However, current research exhibits notable limitations. First, insufficient attention has been paid to multi-factor coupling mechanisms in red-bed soft rock. Most studies follow conventional laboratory test specifications while neglecting environmental condition impacts on engineering characteristics, particularly the unquantified interactions between high in situ stress, construction disturbances, and support delays on deformation evolution [39,40]. Additionally, traditional monitoring methods prove inadequate under complex geological conditions, failing to comprehensively capture the spatiotemporal dynamics of surrounding rock deformation [41,42,43].
This study focuses on tunnels in Neogene red-bed soft rock of the Huicheng Basin in China. Using a wireless remote monitoring system, it analyzes the “rapid—slow—stable” three-stage evolution pattern of deformation of the surrounding rock and its spatial anisotropy. The research aims to systematically analyze the deformation characteristics of surrounding rock in red-bed soft rock tunnels and the deformation mechanisms under multi-factor coupling. The results will provide scientific evidence for the design, construction, and disaster prevention of such tunnels.

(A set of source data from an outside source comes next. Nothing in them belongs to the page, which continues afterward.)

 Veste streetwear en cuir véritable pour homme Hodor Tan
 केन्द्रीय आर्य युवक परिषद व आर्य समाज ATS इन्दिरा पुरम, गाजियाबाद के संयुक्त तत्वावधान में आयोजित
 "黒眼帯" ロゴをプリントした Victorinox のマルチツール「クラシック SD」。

2. Experimental Materials and Methods
2.1. Study Objects
The studied Neogene red-bed soft rock tunnel is located at the margin of the Huicheng Basin, within a denudational low-middle mountain hilly landform, with a maximum burial depth of 255 m. The natural slopes at the tunnel’s entrance and exit are 15–25° and 15–23°, respectively, both areas being cultivated as farmland and covered with dense vegetation at higher elevations. The tunnel site lies between the Yongning River and Luojia River watersheds, with minor intermittent flows (0.3–2 L/s) in valleys, significantly influenced by surface precipitation. Groundwater primarily comprises bedrock fissure water, recharged by atmospheric precipitation. The red-bed strata exhibit weak groundwater circulation, slow runoff, and discharge into valleys and Quaternary deposits at lower elevations.

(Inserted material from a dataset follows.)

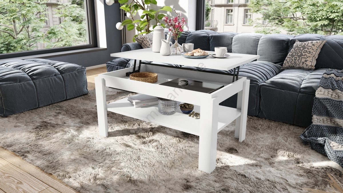 • Table basse convertible avec plateau relevable et étagère ADEN blanche
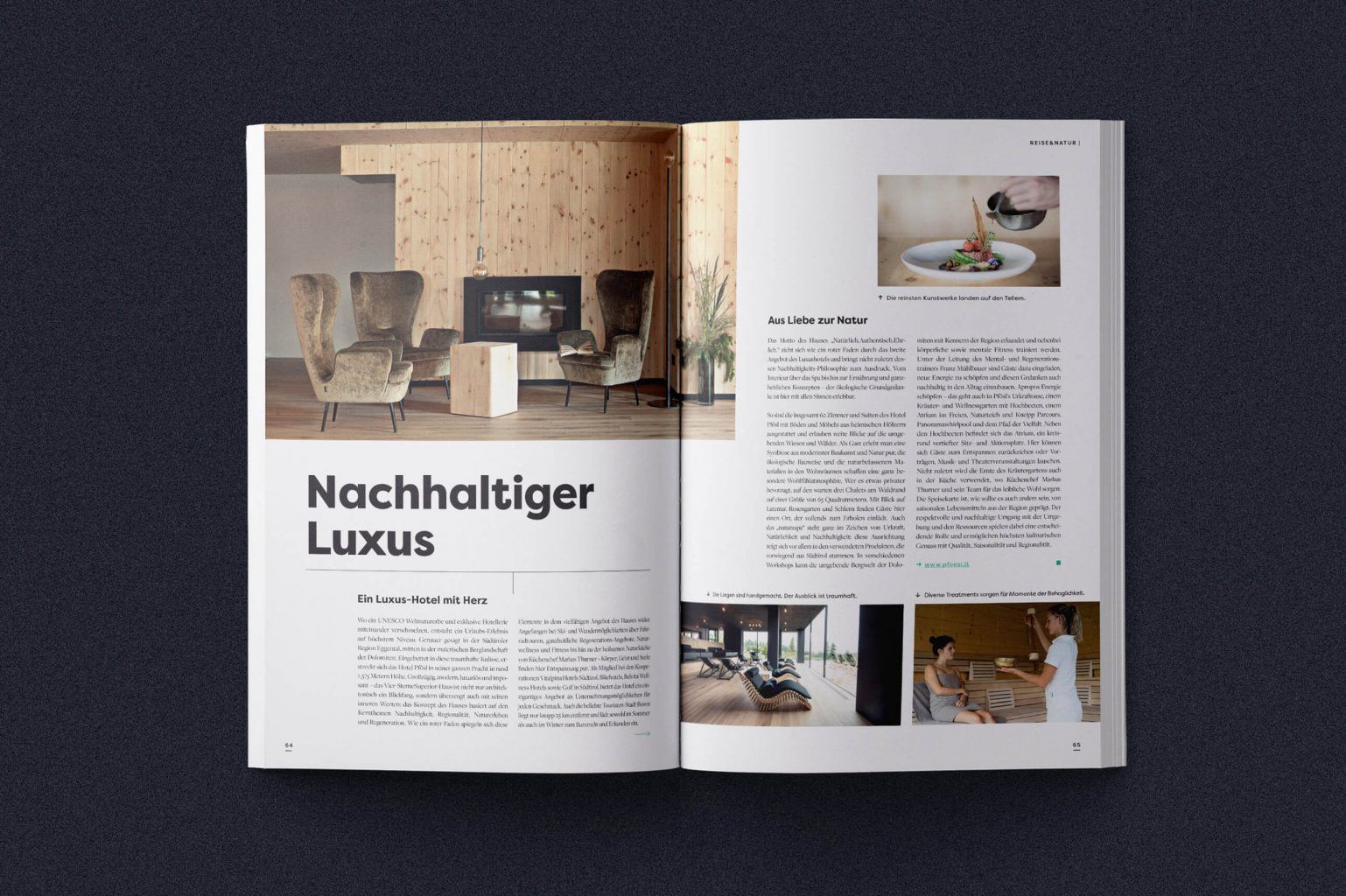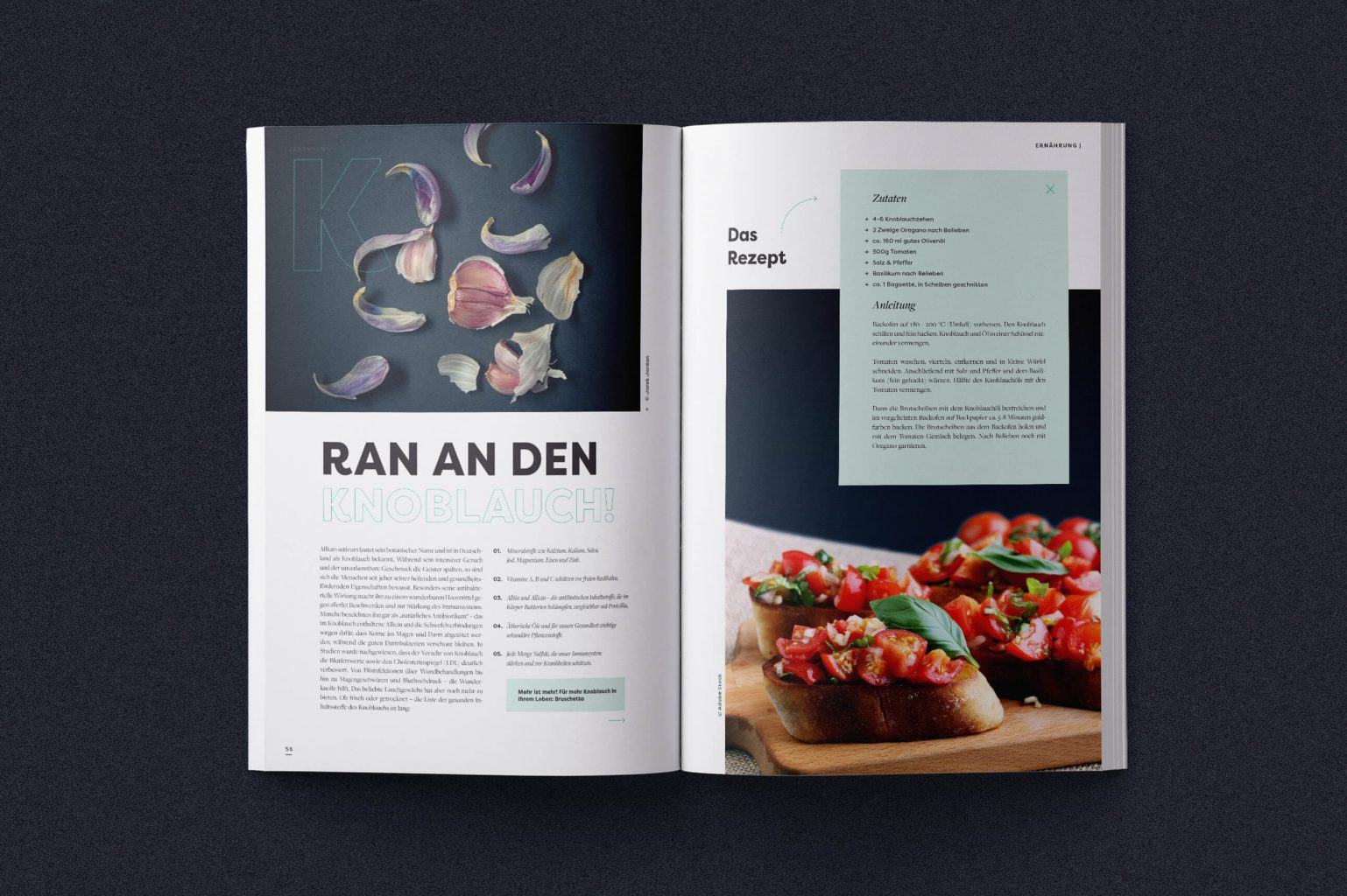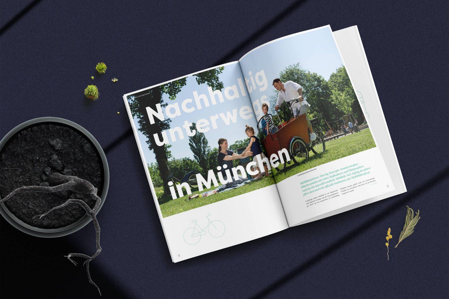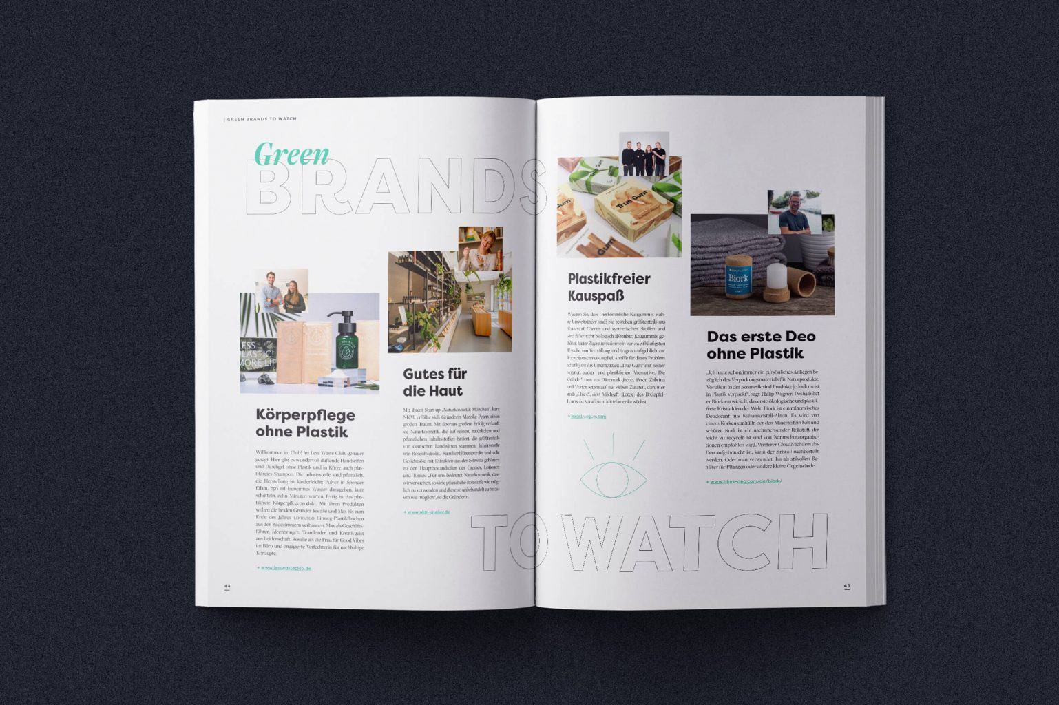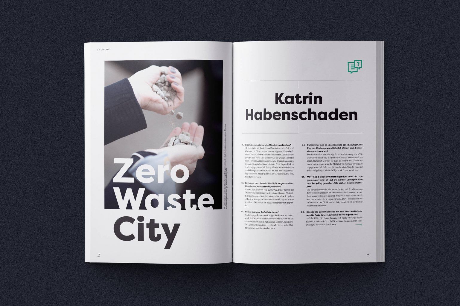 Das Magazindesign selbst sollte natürlich zur Message der Münchner passen und deren Inhalte gut auf dem recycelten Papier transportieren. So finden heute verschiedene Stories Platz im Heft. Dabei entwickelten wir das Design bewusst so, dass stets für Abwechslung gesorgt ist und ein magaziniger, moderner Charakter dem Heft zugeschrieben wird.

The tunnel primarily traverses Neogene argillaceous sandstone and sandy conglomerate (N2): reddish-brown, weakly cemented with clay, poorly diagenetic, and exhibiting a medium-thick bedded structure. The conglomerate contains particles up to 3–4 cm in diameter, mostly subrounded to rounded, and prone to softening upon water exposure. Classified as extremely soft to soft rock, the stratum is easily fragmented under hammer impact, susceptible to desiccation cracking upon dehydration, and features interbedded soft and hard lithologies. This stratum constitutes the primary layer traversed by the tunnel, with field photographs shown in Figure 1.

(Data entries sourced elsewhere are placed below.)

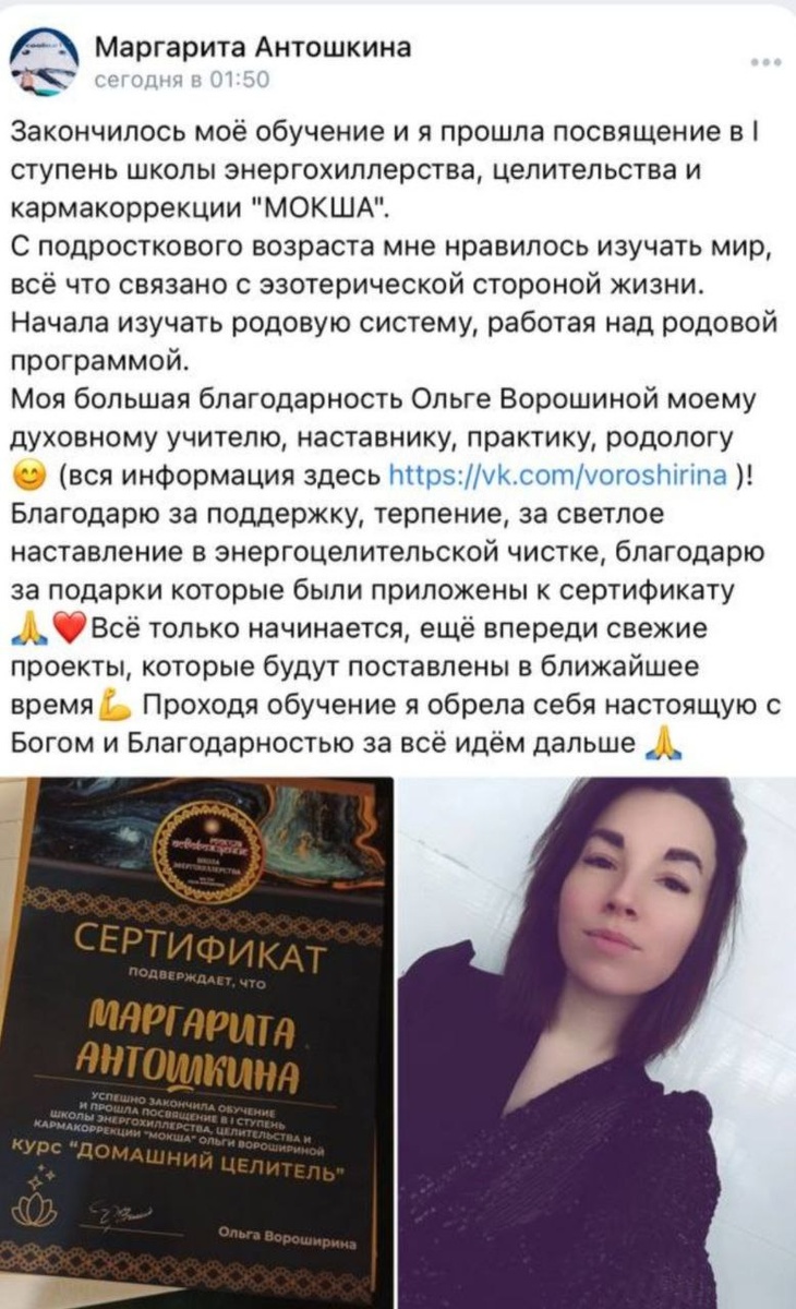 ✨ Мои дорогие 🤍, сейчас у вас есть возможность пройти первую ступень школы целительства «Мокша» ✨, чтобы затем в общем потоке получить вторую ступень в новом, более глубоком формате . В этрм году я даю вторую ступень в новом формате — более глубоком 🔥 Напомню, что я уже выпустила 3 потока целителей первой ступени, и они ожидают вторую 🙏 И у вас есть возможность пройти первую ступень в записи 🎥, чтобы затем в онлайне со мной получить вторую в общем потоке. 💫 Все подробности о моей школе энергохиллерства и кармакоррекции "Мокша" ➡️https://17.olgavoroshirina.ru/moksha По всем вопросам пишите мне в личные сообщения - @Makolya017. С любовью и уважением, Ольга Вороширина
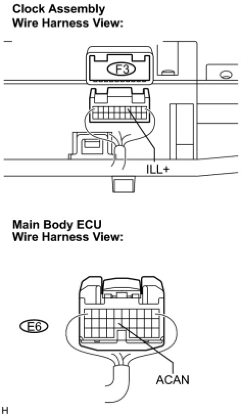 1. CHECK HARNESS AND CONNECTOR (CLOCK ASSEMBLY - MAIN BODY ECU)
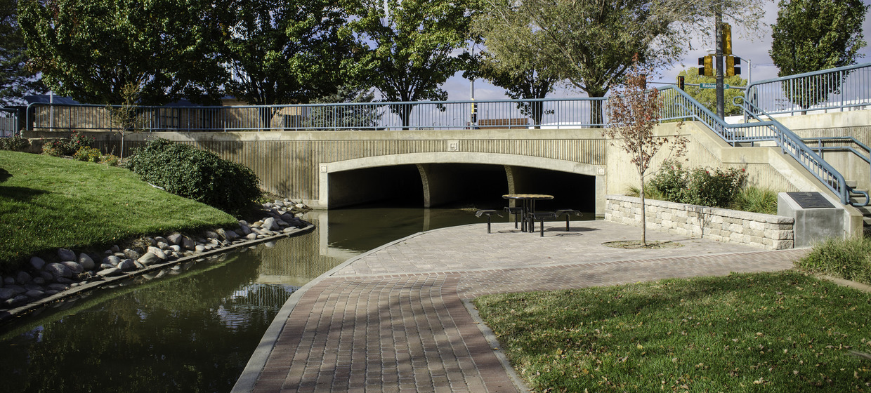 Rather than repair the underground structure, which would have required closing Avenue A for significant periods of time, BG engineers made plans to relocate the channel and make it open, instead of underground. Plans included the construction of an elevated twin-bridge with 12-foot sidewalks on Main Street and multiple reinforced concrete box bridges over the channel. Adding park amenities made the project eligible for KDOT funding. Overall, the project cost the City significantly less than replacing the original underground bridge structures.
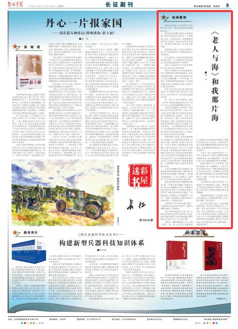 我初上军舰时对大海充满恐惧,经历过晕船呕吐等种种磨炼后,我开始逐渐熟悉海。我们所巡逻的那片海与小说中的海很像。从书中的每一个细节,我都能领悟海明威笔下大海的波谲云诡和人物战胜自然的心理变化以及抗争的勇气。
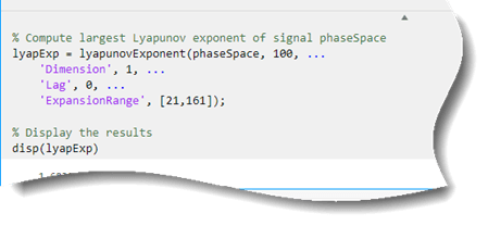 この例では、ライブ エディター タスクを使用して、等間隔にサンプリングされた信号の位相空間を再構成し、その再構成された位相空間を使用して相関次元とリアプノフ指数を推定する方法を説明します。

2.2. Surrounding Rock Deformation Monitoring
Monitoring and measurement provide real-time data on the deformation and stress evolution of surrounding rock and support structures over time, enabling the evaluation of construction feasibility, design parameter rationality, and critical assessments of surrounding rock stability, support effectiveness, secondary lining timing, relaxation zone determination, reserved deformation design, and lining stability.
Based on the engineering and hydrogeological characteristics of red-bed soft rock, combined with geological survey results and construction progress, remote wireless monitoring systems were deployed in Huizhou Tunnel No. 1 and Huizhou Tunnel No. 2 along the Liangdang–Huixian Expressway. These tunnels traverse typical Neogene red-bed argillaceous sandstone sections. The systems monitored parameters including surrounding rock pressure, internal forces of support measures, deformations of rock mass and supports, and rock temperature/humidity. The monitoring items and number of measurement points are detailed in Table 1; the sensor layout diagram is shown in Figure 2.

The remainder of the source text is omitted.